Click here to monitor SSC
  • Av rating:
  • Total votes: 19
  • Total comments: 7
Grant Fritchey

It's 3AM and I'm on call

27 April 2011

If you are part of a team that is required to ensure that an application stays running at all hours, then you're likely to experience that 3AM-callout feeling. Grant knows all too well what is required, and gives hard-won advice on the best way of keeping on top of the task of keeping the IT services running, no matter what time of day the problems occur.

Do you know where your SQL Server instances are?

You should.

What is it about 3AM anyway? That time was a big deal during the last US presidential election too. I’m not sure why, but there’s something about 3AM, regardless of your time zone, that seems to be when disk drives fill up or backups fail. Then again, maybe that’s just me. Until recently, I’ve been on-call non-stop since 1995. With a few exceptions, my worst moments usually started around 3AM. Being on-call is considered a major part of the DBA position. You’re to be there, ready, able, and knowledgeable, at any time, night or day, including 3AM. How the heck can you deal with it?

To you, the DBA or responsible IT person, being on-call should not simply be a matter of having your phone number added to an email list. Nor should your company look at on-call as just “having an email distribution list for on-call duties”. There really are a lot of aspects to setting up and managing your on-call processes. In this article, I’m going to discuss a number of different aspects of being on-call and setting up and managing the process. At the end I will supply a checklist for you to use to set up your own on-call processes.

Sharing

If you’re the only DBA, or even the only IT person, then this is not for you. Most of us, however, split at least some of our duties with others. You may only have a team of three, but you have a team. You may be part of a huge IT organization with hundreds of members, which means you most certainly are part of a team. What’s one of the things we learn in kindergarten? Sharing. Sharing the duties of being on-call is one of the single best ways you can make it less onerous. This means you have to figure out the different people in the organization that are going to be on-call. You need to have a posted schedule, available to all, not just the on-call people, but also the people who will be calling, especially management. You need to know who you are supposed to track down when, because at 3AM your brain might not be firing on all eight cylinders.

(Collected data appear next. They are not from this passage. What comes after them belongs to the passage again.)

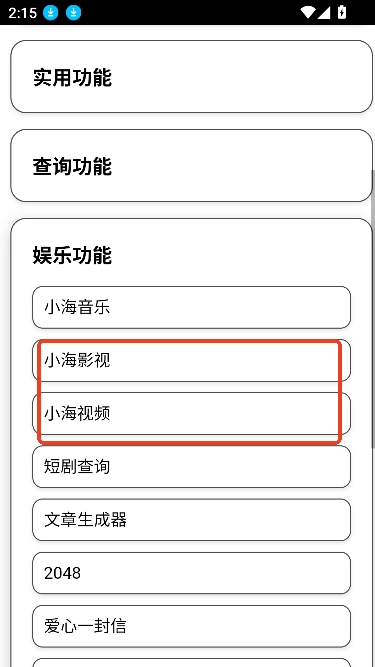 2、选择小海影视或小海视频:在娱乐功能页面里,找到并选中“小海影视”或者“小海视频”。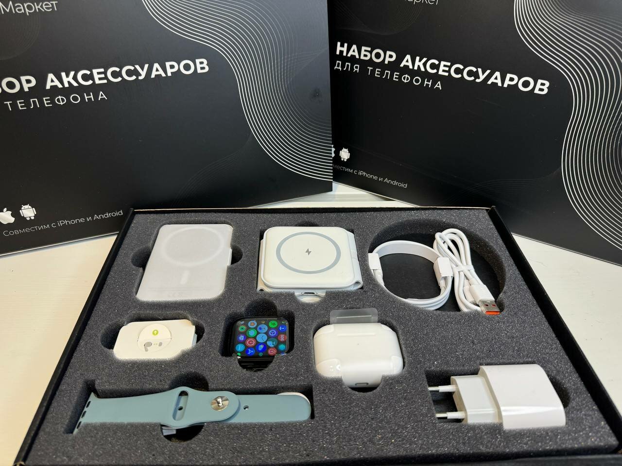 Набор смарт часы watch series 8 + беспроводные наушники A.Pods Pro + внешний аккумулятор и беспроводная зарядка MagSafe| Совместим с iOS и Android (синий ремешок) 4 212 ₽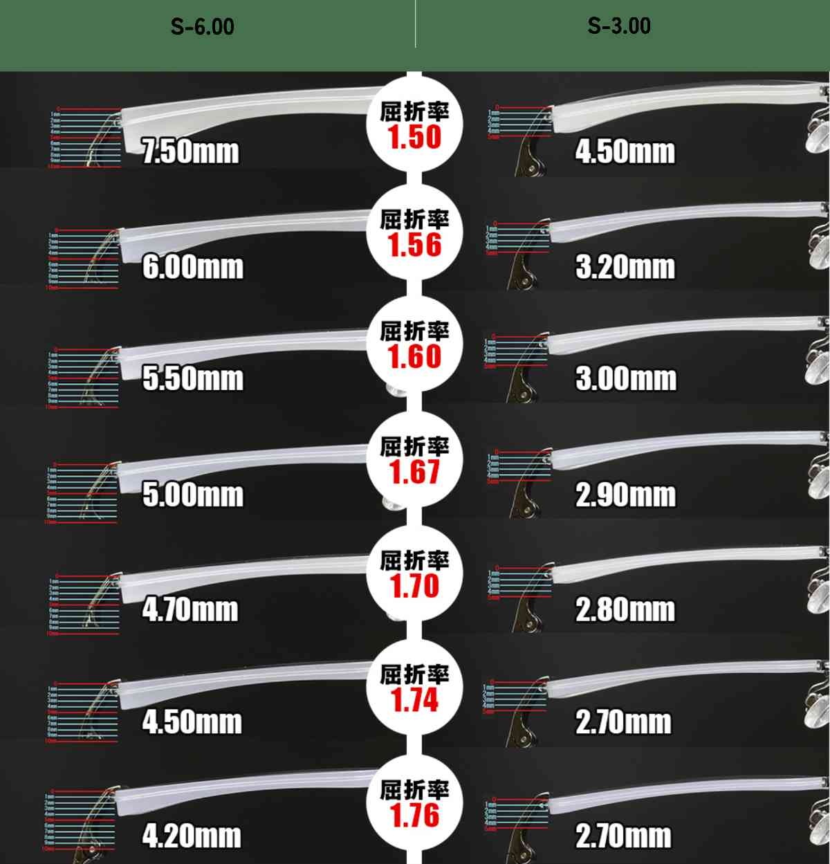 - 例えば眼鏡市場は1.74まではタダで薄くしてくれるというか同一価格だが、
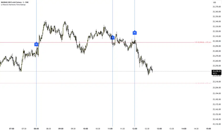 In essence, the script turns a period of time into a harmonic structure, with each line and label acting like a “note” in the market’s temporal symphony. It’s a tool to visualize and test whether price behaviour aligns with the resonant fractions hypothesized in MRT.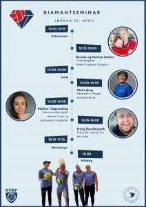 Samlingen denne helgen vil sette fokus på DiamantVolley og utøvere med utviklingshemming. Vi har lagt opp til et spennende program med både faglig påfyll fra foredragsholdere, workshops og praktiske økter i hall.
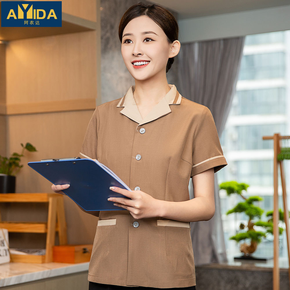 Pakaian kerja pelayan pembersih Hotel lengan pendek properti ruang tamu hotel komunitas bibi pembersih cetak disesuaikan
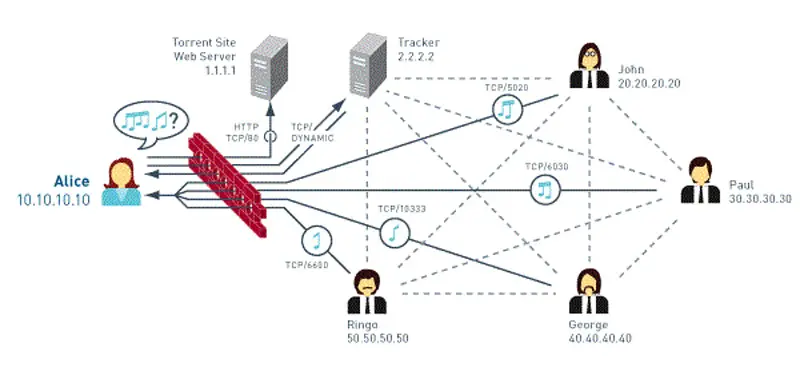 Un utilisateur, qui sera un client sur le réseau, fait une demande de contenu, les informations du torrent sont analysées pour savoir où se trouvent les morceaux de l’original et le reconstruire après le téléchargement.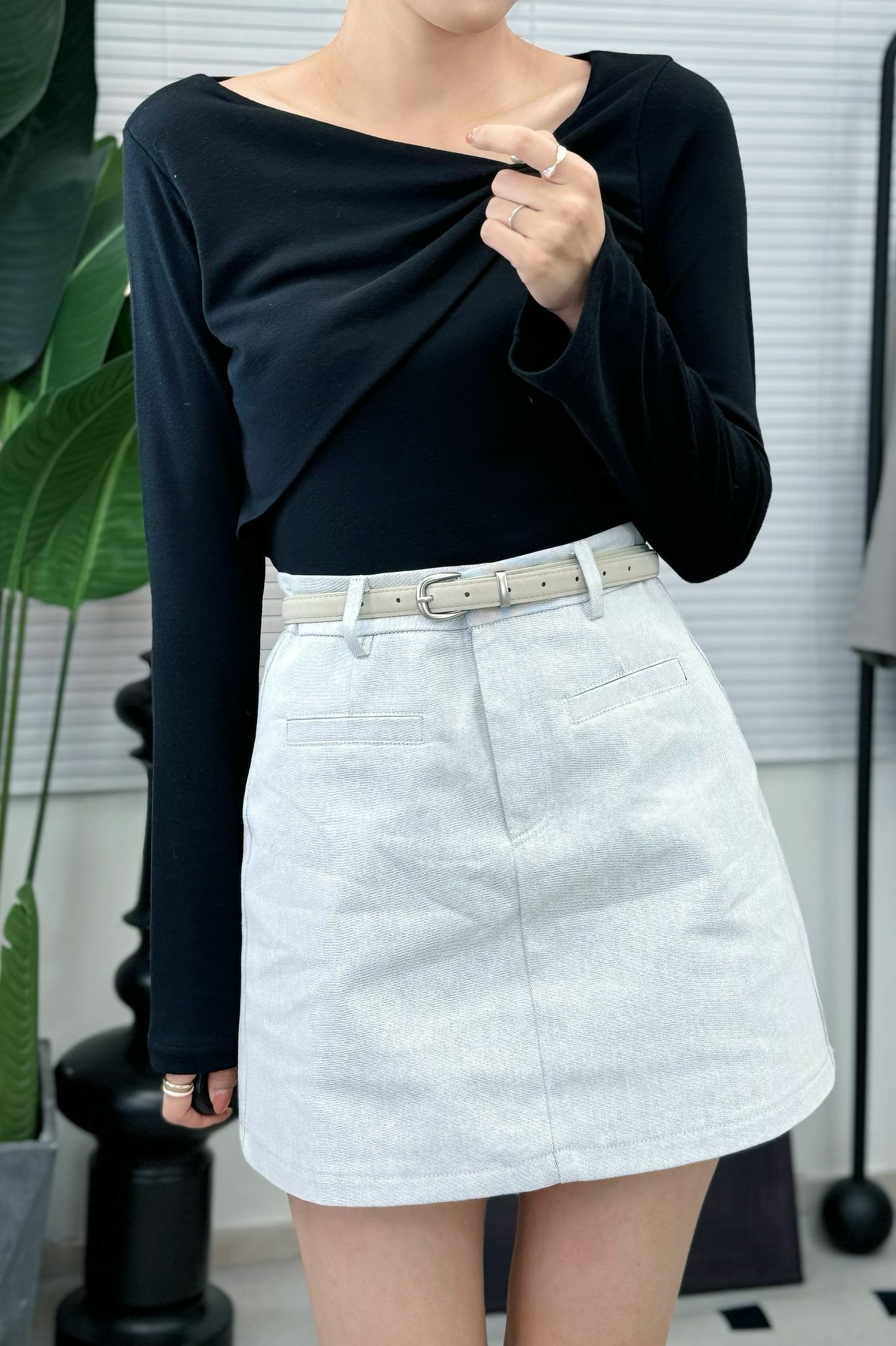 個領位做咗少少twist twist效果再拉橫少少boat-neck feel,露到鎖骨又唔會太over,係嗰種唔經意咁靚嘅design。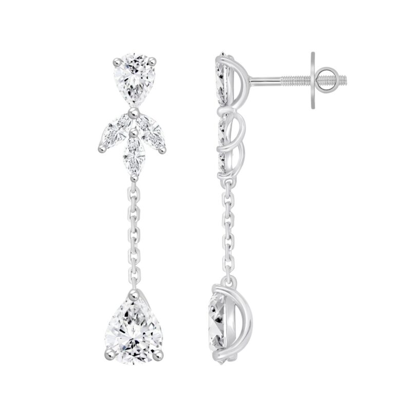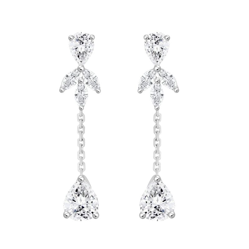 LADIES LINEAR EARRINGS 6CT MARQUISE/PEAR DIAMOND 14K WHITE GOLD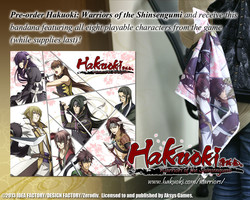 Aksys Games announced that it will release Idea Factory's Hakuōki: Warriors of the Shinsengumi PSP game on February 19 for US$29.99. Those who pre-order the game through Amazon will receive a Hakuōki headband. Packaging includes a 16-page full-color character guide featuring art from the game.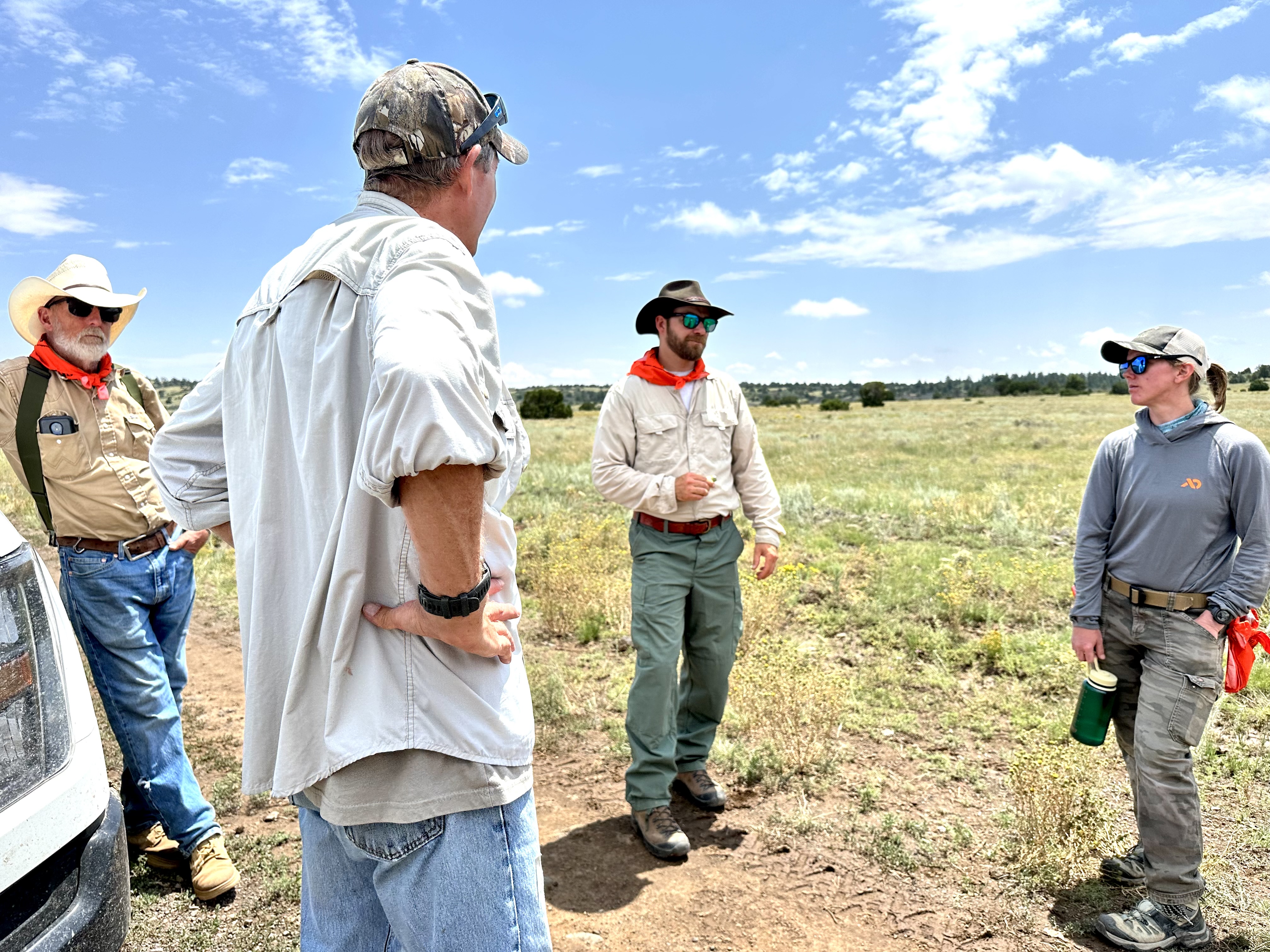 The day began with a briefing of the importance of this project by NMDGF Elk Biologist Travis Zaffarano as well as the work at hand. Driving past the many volcanic plugs we climbed up the mesa as the habitat changed to upland conifer and oak mosaic. We split into two groups and tackled the task of dropping the four strand barbed wire fencing. The wire was removed from the t-posts and old juniper posts and cut into 300' sections to be rolled up by the ranch manager. After lunch the groups headed back out, only to be met by one of New Mexico's famous summer monsoons. There was no chance to hide from the downpour, resulting in soaked blue jeans and dripping hats. The downpour was no match for the volunteers drive to remove fencing.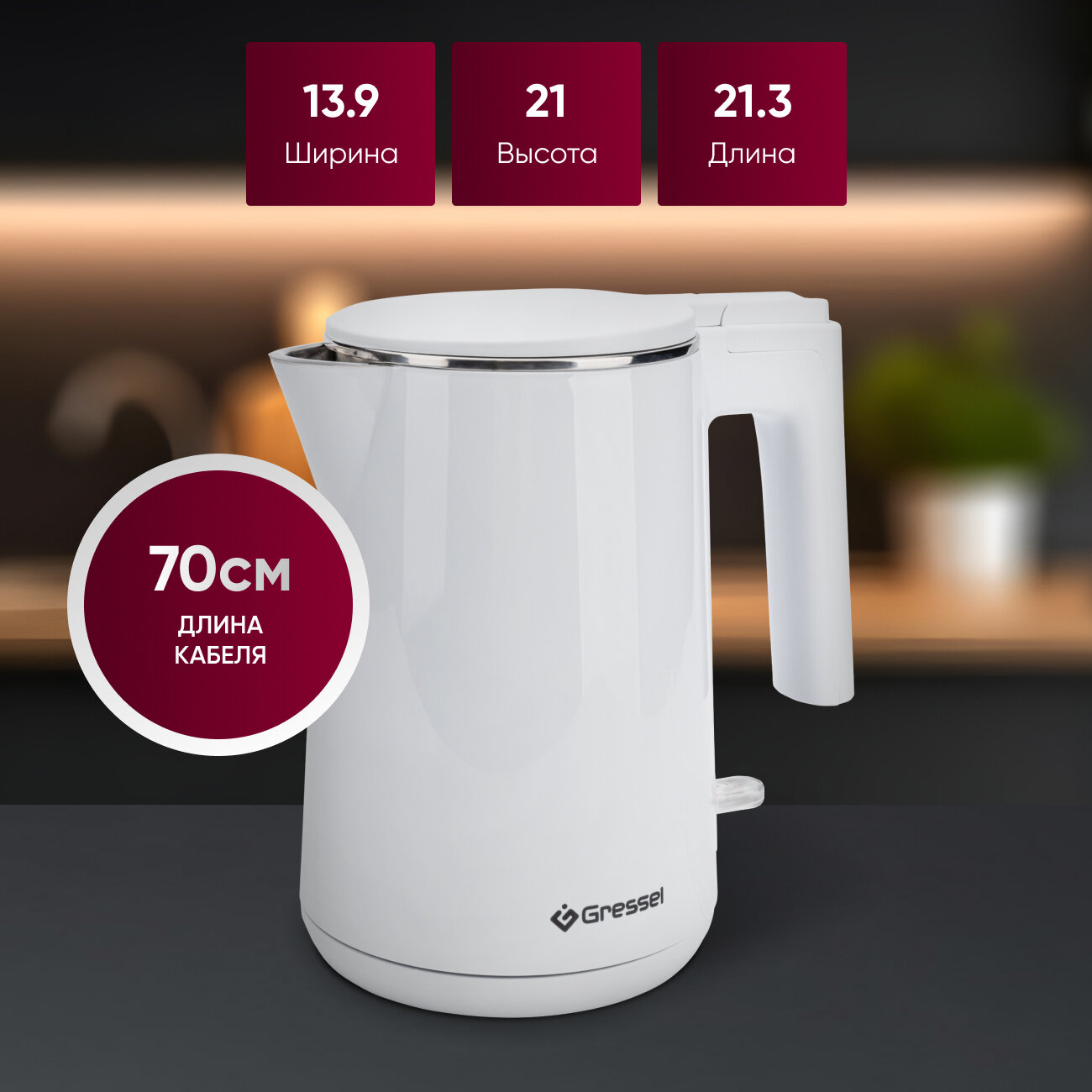 Чайник электрический Gressel GRK-1103 белый, объем 1л, мощность 1500 Вт, STRIX-контроллер информация:

Another consideration when sharing on-call is determining who gets called when. Let’s face it, not all problems are going to require a Kimberly Tripp (blog|twitter) level of knowledge about SQL Server internals to solve them. If a backup failed because a disk was full, I’m fairly certain a more junior IT person can handle it. So, if you have enough people, it might be worth establishing a two-tier approach. That way, you can have the simpler, easier-to-solve stuff go to the more junior members of the team. And what better incentive can you possibly have to stop being junior than to get more sleep?

Training and Documentation

Now you know who is going to be on-call. But are these people qualified? You should establish what the minimum level of knowledge would be for a person to qualify for the on-call rotation. Do they need to know how to write a T-SQL backup script, or just know how to restart one in SQL Agent? It depends on the needs of your organization. Is the purpose of your on-call support to act as a triage unit that determines the scope of a problem, and then calls a second-tier on-call team? Then the need for extreme levels of training is reduced. If you only have a few people for the on-call rotation then you have a greater need to see that they are equally well-trained, or the entire process will fall to one or a few people.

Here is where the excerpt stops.